Shyangden hopes for his family to join him “in the near future,” but “it is a very long process,” he laments, one that “requires a lot of money.” Still, his combined wages from singing and teaching are far greater than what he earned in Nepal, which helps his family.

The Himalayan Yak is at the heart of Queens’ South Asian cultural hub, with the colorful commercial strip of “Little India” just around the corner.

Against this backdrop on a recent Thursday night, Shyangden and his band played an acoustic show in front of a crowd of about 15 people.

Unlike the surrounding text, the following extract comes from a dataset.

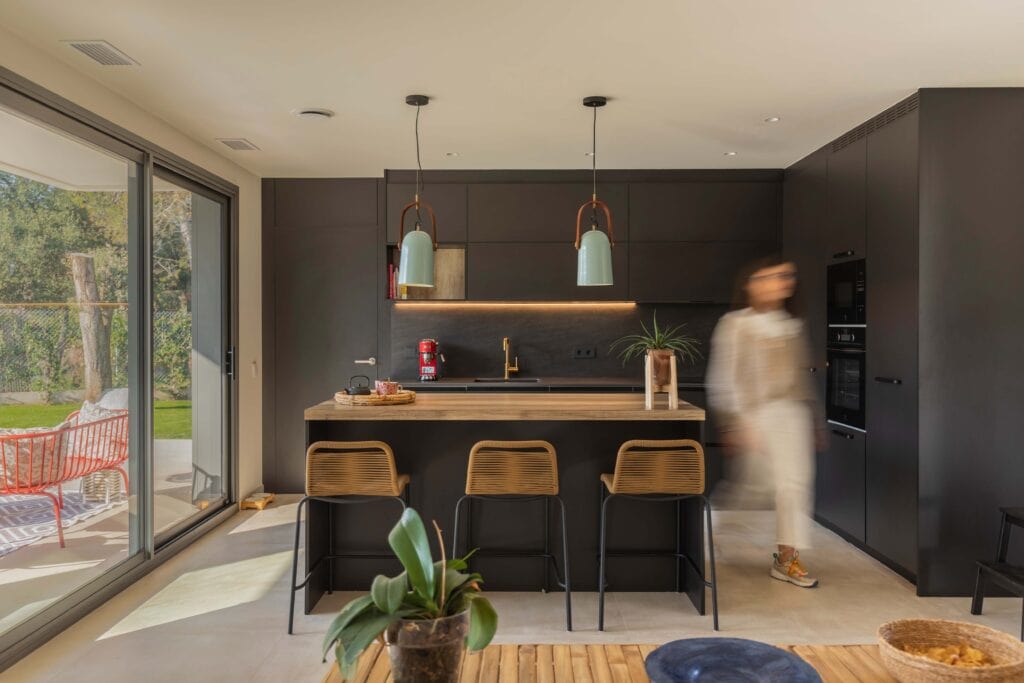 Empezando por la cocina, es un ejemplo perfecto de la combinación de estilo y funcionalidad. Con su color negro, se trata de una tendencia muy elegante y versátil que permite combinar con madera y destacar otros elementos y colores.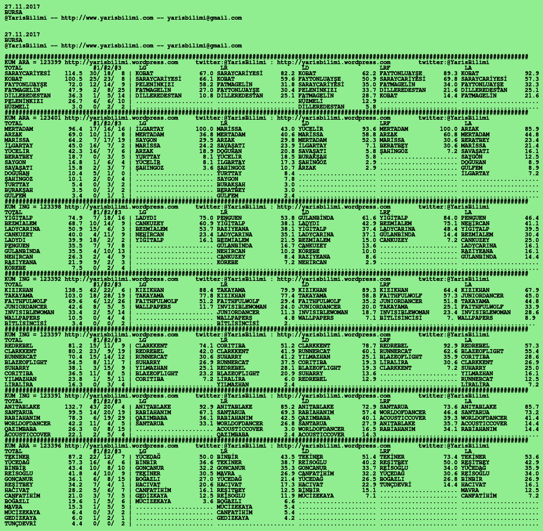 27.11.2017.URFA tahminleri 27 Pazartesi Kas 2017 Posted by yarisbilimi in urfa, yorum ≈ Yorum bırakın Etiketlerurfa

Shyangden said he “loves playing” at the restaurant, even if, at times, the miniscule crowds challenge his ego.

“Every time I hear him play, my energy, my vibe, gets better,” beamed one of the few spectators, Xlabia Khadka from Kathmandu, who now lives in Jackson Heights. “Whenever I come here, half of my stress just goes away.”

“When I first came to New York, I said, ‘What the hell is Phiroj Shyangden doing here, playing in this restaurant?,’” said Khadka’s friend, Mohan Poudel, 23. “I knew him as a star. But that’s the New York life. He’s trying to survive, just like us.”